15th Annual Conference of the International Speech Communication Association

September 14-18, 2014

A Flexible Front-End for HTS

Matthew P. Aylett (1), Rasmus Dall (2), Arnab Ghoshal (2), Gustav Eje Henter (2), Thomas Merritt (2)

(1) CereProc, UK
(2) University of Edinburgh, UK

Parametric speech synthesis techniques depend on full context acoustic models generated by language front-ends, which analyse linguistic and phonetic structure. HTS, the leading parametric synthesis system, can use a number of different front-ends to generate full context models for synthesis and training. In this paper we explore the use of a new text processing front-end that has been added to the speech recognition toolkit Kaldi as part of an ongoing project to produce a new parametric speech synthesis system, Idlak.

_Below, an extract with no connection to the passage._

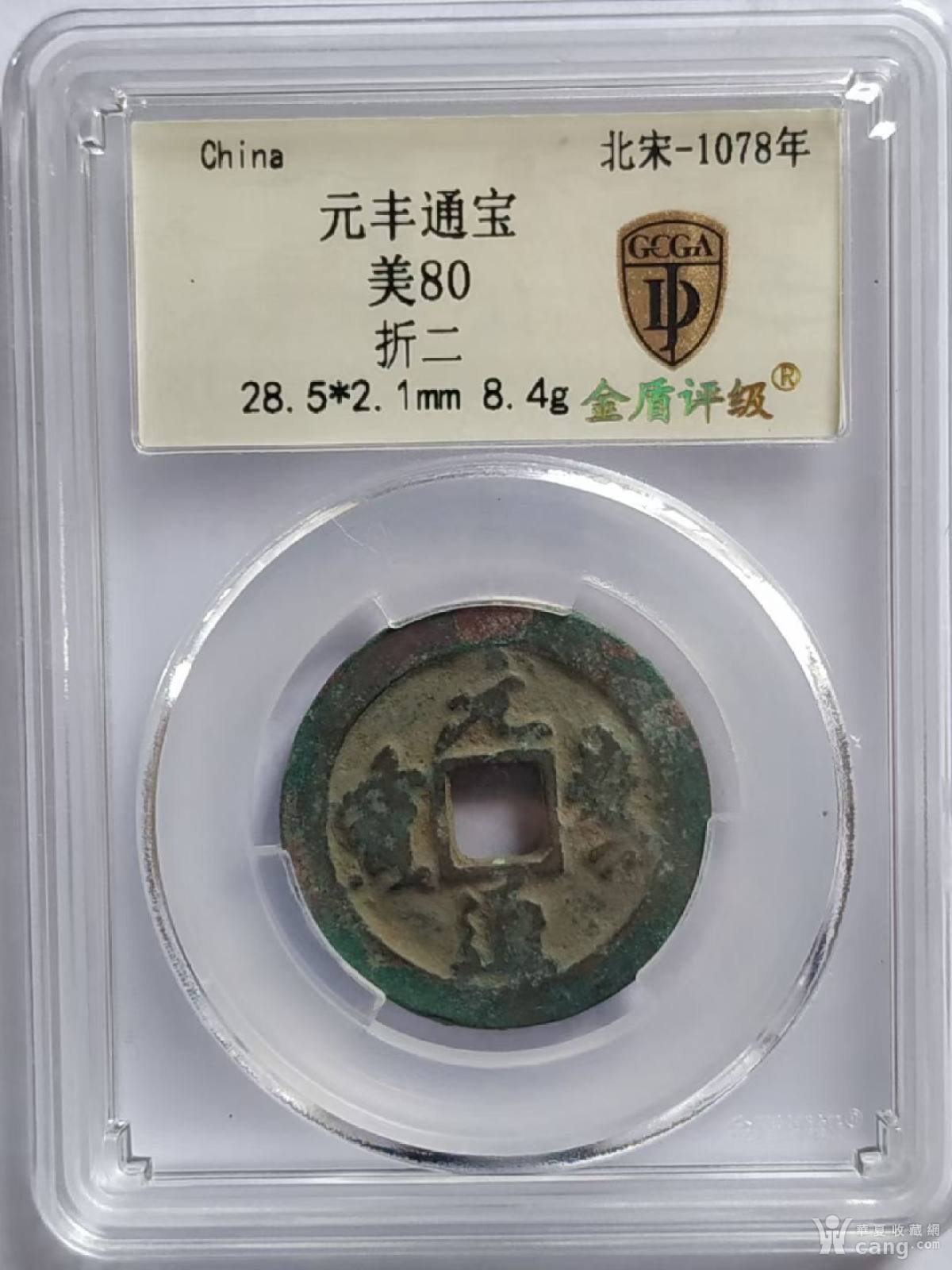 金盾评级北宋元丰通宝折二美80直边
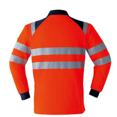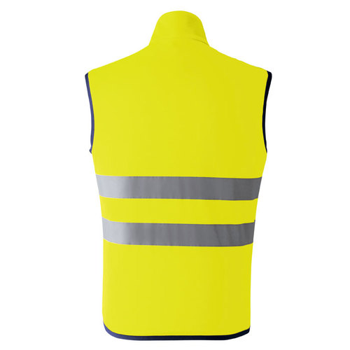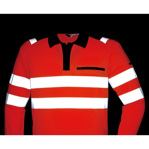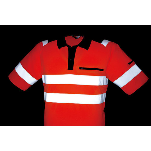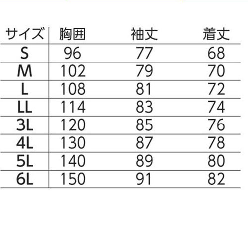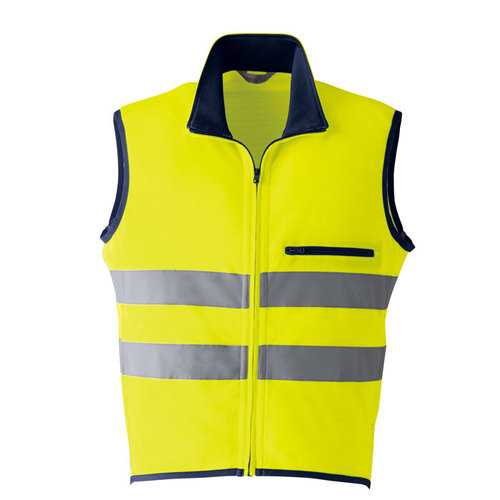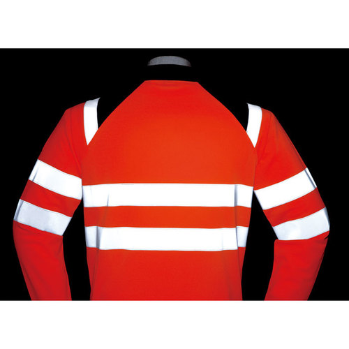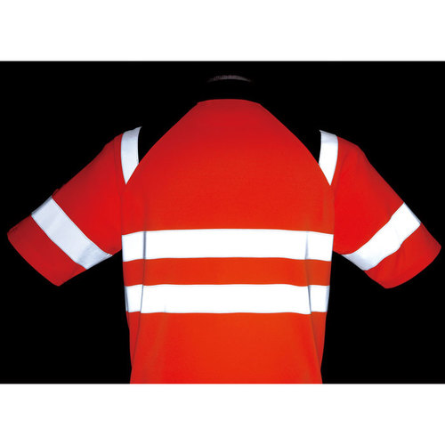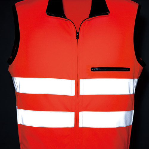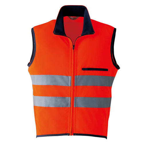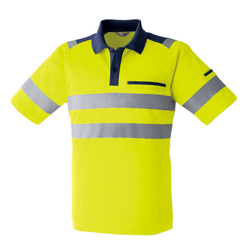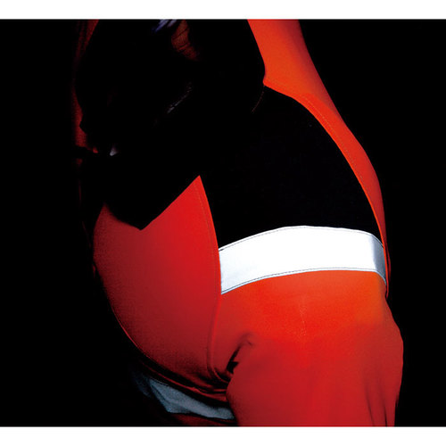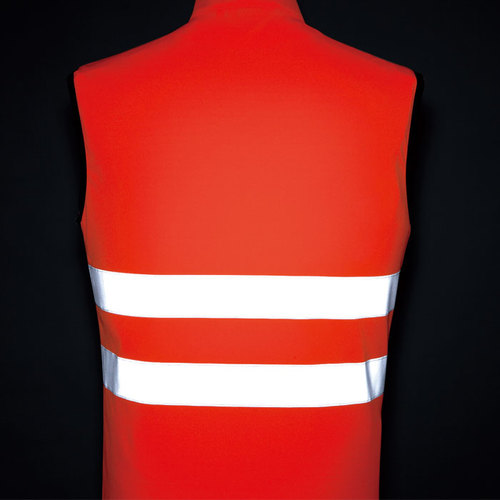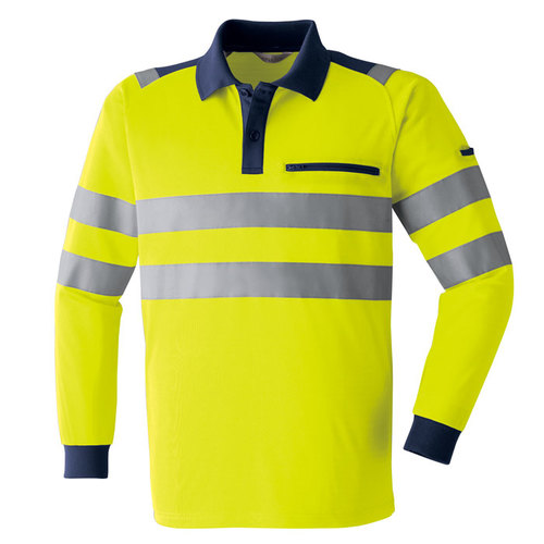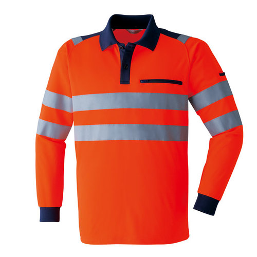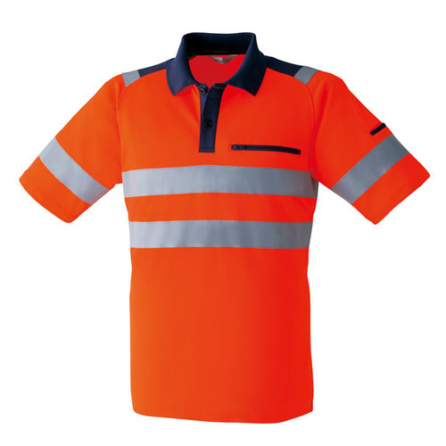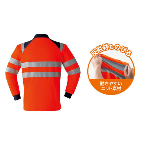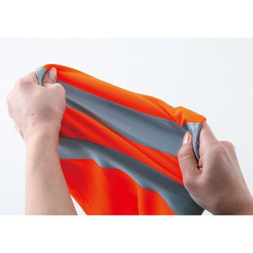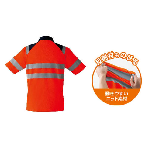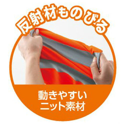 JIS規格の厳しい基準に合格した素材(ポリエステル100%)と50mm巾の再帰性反射材(肩部は30mm巾)を使用し360°の視認性を実現。 伸縮性反射材使用を使用している為、より動きやすい。 色展開は、蛍光イエロー・蛍光オレンジの2色。サイズはS~6Lまで展開。

The use of XML specification files, a modular design, and modern coding and testing approaches, make the Idlak front-end ideal for adding, altering and experimenting with the contexts used in full context acoustic models. The Idlak front-end was evaluated against the standard Festival front-end in the HTS system. Results from the Idlak front-end compare well with the more mature Festival front-end (Idlak - 2.83 MOS vs Festival - 2.85 MOS), although a slight reduction in naturalness perceived by non-native English speakers can be attributed to Festival's insertion of non-punctuated pauses.

Full Paper

Bibliographic reference.  Aylett, Matthew P. / Dall, Rasmus / Ghoshal, Arnab / Henter, Gustav Eje / Merritt, Thomas (2014): "A flexible front-end for HTS", In INTERSPEECH-2014, 1283-1287.